THE DATA:
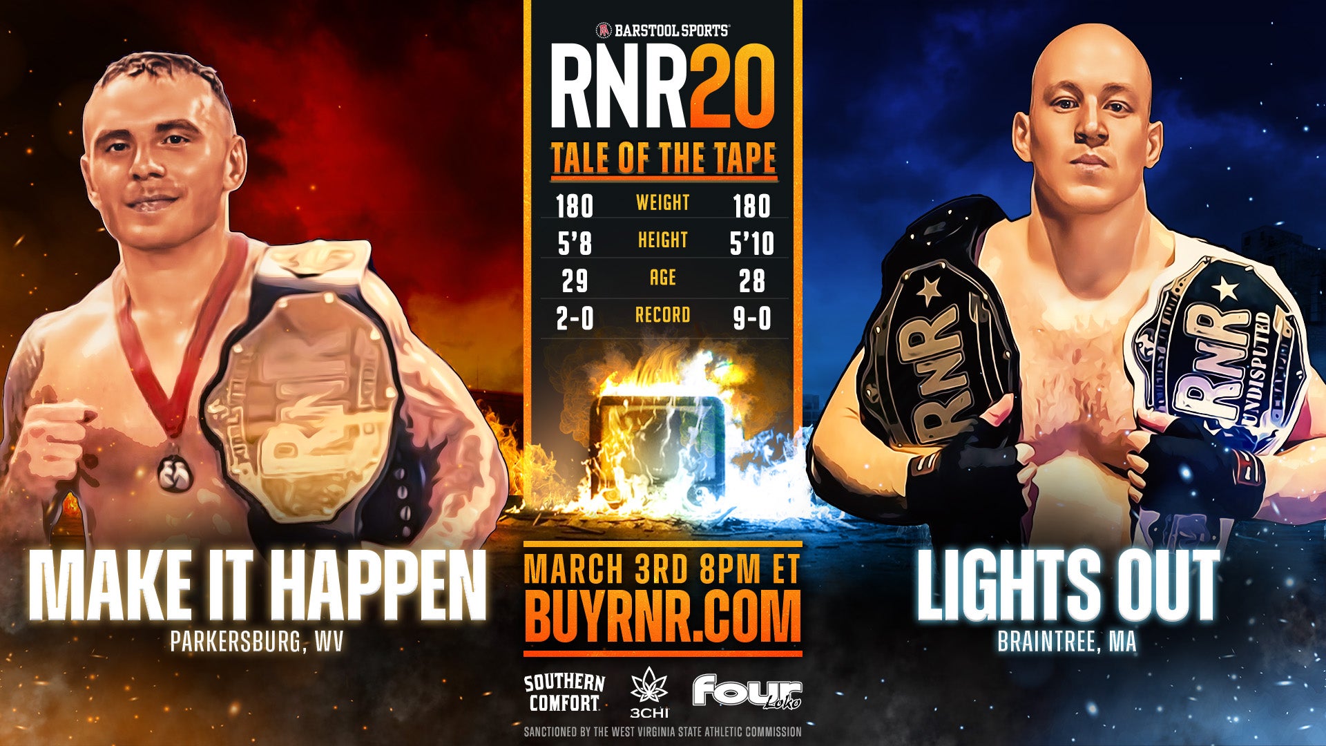 That's a deeper look into the grand finale but at the end of the day let's be real, EVERY brawl at RNR20 is a main event. Order on BuyRNR.com for 20 fights, 3 title belt brawls, ring girl contest hosted by Jerry Fragrance + Large, whole commentary team of Dave Portnoy, Big Cat, Robbie Fox, Caleb & Rone, AND MORE.
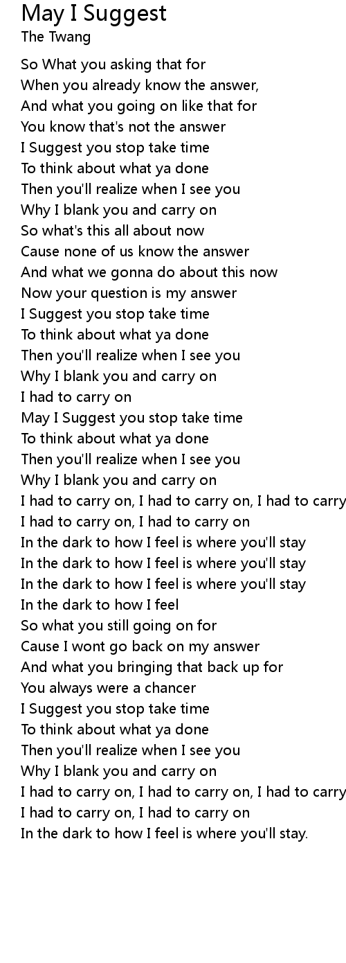 May I Suggest you stop take time |
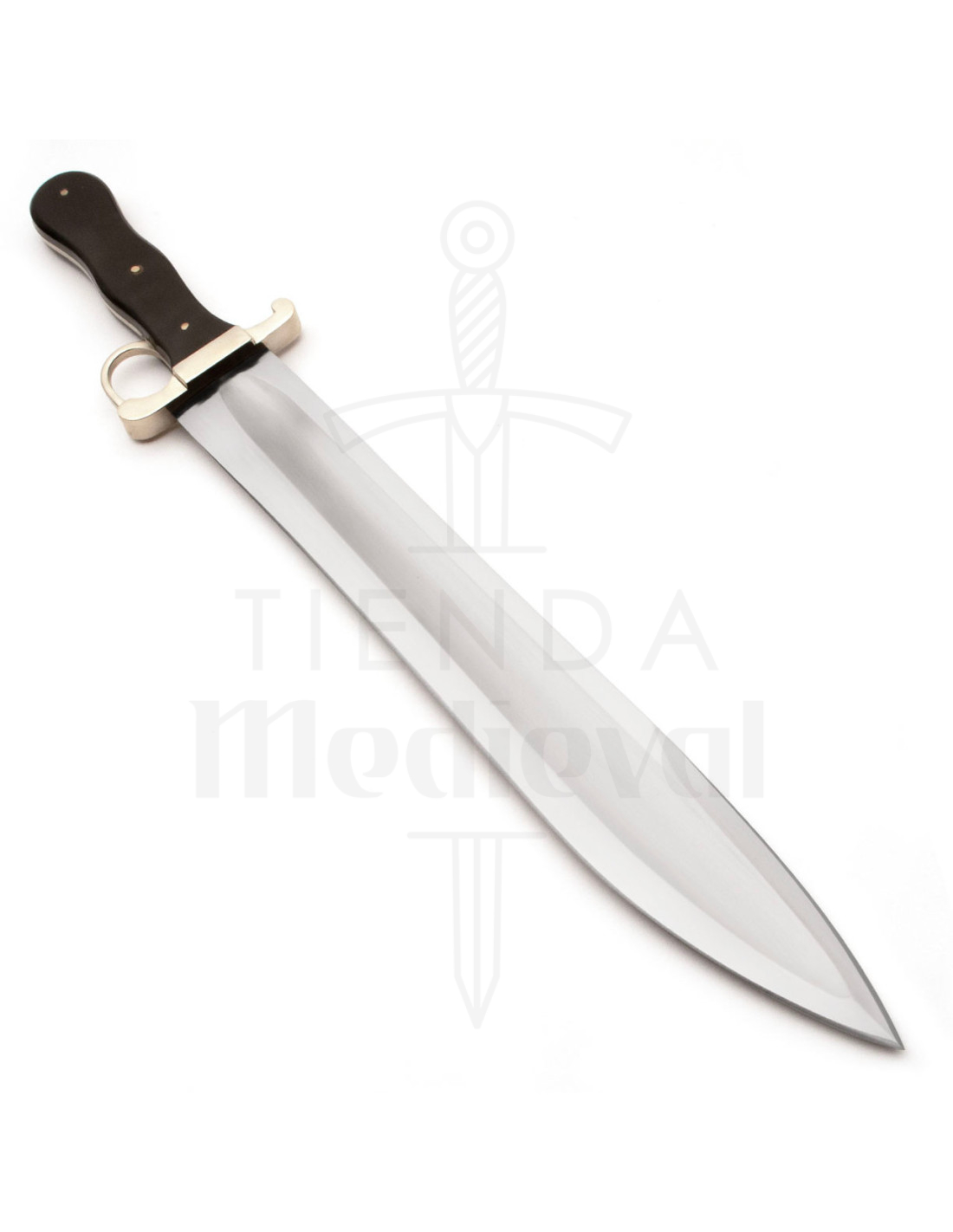 Deze trouwreproductie verandert materialen en ontwerp in echte voordelen: het blad, met een symmetrisch profiel en een speerpunt, biedt precisie bij sneden en effectiviteit bij penetratie, terwijl de gepolijste afwerking de visuele impact versterkt en het schoonmaken vergemakkelijkt om het onberispelijk te houden na elk gebruik of iedere tentoonstelling.
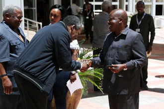 Government Chief Whip and Minister of State in the Prime Ministers’ Office (Policy Coordination and Parliamentary Affairs) Jenista Mhagama confers with Minister of State in the President’s Office (Regional Administration, Local Government, Civil Service and Good Governance), Mr George Simbachawene (left), and Minister of State in the President’s Office (Public Service Management and Good Governance) Angellah Kairuki in the Parliament Chamber yesterday. PHOTO | EDWIN MJWAHUZI

YOUR TASK: From the line containing "May I Suggest you stop take time |" through the final line of the listing above, reproduce every line exactly, with no pictures.

ANSWER TO THE EXERCISE:
 May I Suggest you stop take time |
 Deze trouwreproductie verandert materialen en ontwerp in echte voordelen: het blad, met een symmetrisch profiel en een speerpunt, biedt precisie bij sneden en effectiviteit bij penetratie, terwijl de gepolijste afwerking de visuele impact versterkt en het schoonmaken vergemakkelijkt om het onberispelijk te houden na elk gebruik of iedere tentoonstelling.
 Government Chief Whip and Minister of State in the Prime Ministers’ Office (Policy Coordination and Parliamentary Affairs) Jenista Mhagama confers with Minister of State in the President’s Office (Regional Administration, Local Government, Civil Service and Good Governance), Mr George Simbachawene (left), and Minister of State in the President’s Office (Public Service Management and Good Governance) Angellah Kairuki in the Parliament Chamber yesterday. PHOTO | EDWIN MJWAHUZI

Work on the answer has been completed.